I'll toss a couple links your way:

Malcolm Gladwell, via an old article from the New Yorker, tackles the age-old question: why are African-Americans kicking such serious ass in professional sports? Now I'm sure some of his facts could be disputed on several grounds - as is common with his articles - but there's some good reading here. And it's nice to have a sports writer who may have been a good athlete. Not that Mike Toth doesn't dominate his rec league squash tournament or anything.


Ta-Nehisi Coates, a solid young writer I recently got hip to, has a friendly discussion with John McWhorter over hip-hop and society, via BloggingheadsTV (fantastic site). McWhorter takes a black conservative approach and states that hip-hop, beyond its role as music genre, does not inspire constructive thinking in poor black culture, but rather influences its followers with a message of cynicism.

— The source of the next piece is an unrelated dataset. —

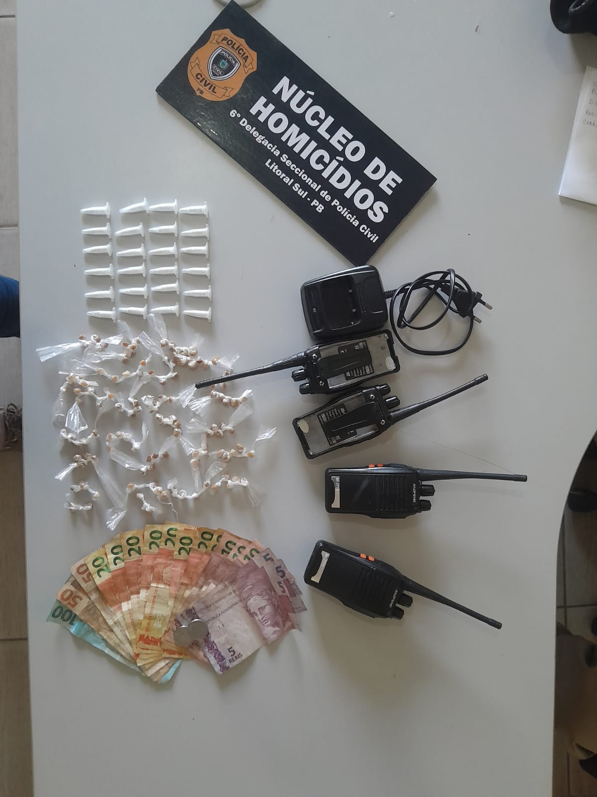 Ele estava com 122 invólucros plásticos contendo substância amarelada semelhante a crack, 24 microtubos contendo substância em pó semelhante a cocaína, 04 radiocomunicadores portáteis e R$ 406,00 em espécie, ensejando a autuação do foragido pelo crime de tráfico de drogas.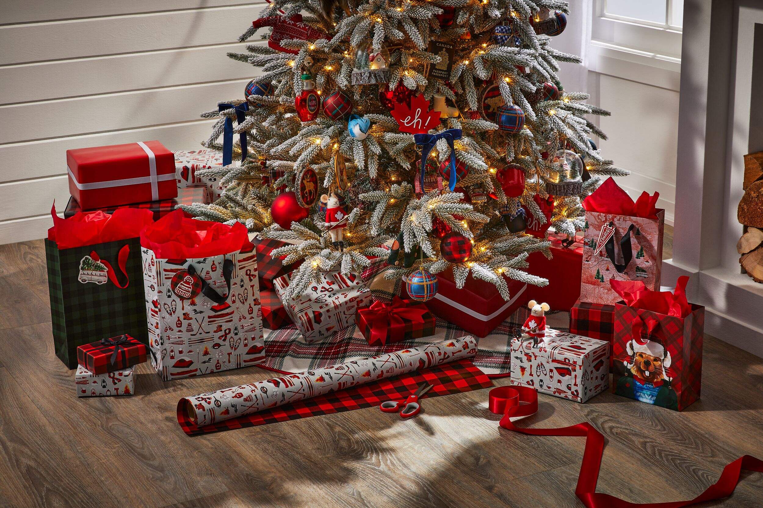 Patterns include red plaid and traditional Canadian winter symbols

So while McWhorter makes some valid points, I must lean to Coates' side of the debate. Sure, a lot of music which comes out of political inequality uses a cynical tone, but cynicism doesn't necessarily beget cynicism. There's a reason why Chuck D called himself and Public Enemy the 'Black CNN.' And that was the need to present black history from an African-American perspective. You can inspire people even when your work uses a jaded tone, and that's what socially-conscious music has done across more genres than rap.

On the first day of a poetry workshop our professor told us not to assume that the speaker in the poem is the writer. This is the type of thing you need to tell undergraduate writers or they'll start thinking that half their peers are doing smack or come from abusive households. (ie. Many student writers write about incredible sex, only most of them are quiet and solitary and write a fantasy land to dwell in. So yes, do not make assumptions about someone's personal life from their poetry.)

Hip-hop is probably the closest in mainstream music genres to poetry, from its rhythms to line structures, and like poetry, the writer can and will access different states of emotion and/or write from another perspective. Do not assume that Big Boi in "Ms. Jackson" (by Outkast) is referring to himself when using the 'I'. The song is an examination of custody battles, money, and post-relationship frustration from the perspective of a slightly angry young man. The song succeeds in part because of Big Boi's ability to juxtapose down-tempo vitriol with Andre 3000's falsetto-laced fairy tale hook. A reproduction of these emotional states through hip-hop seems like an awfully constructive activity.

I could go on forever about, what I believe, are faults in McWhorter's argument, but I'll leave with one thought: how terrible would popular music be without cynical artists?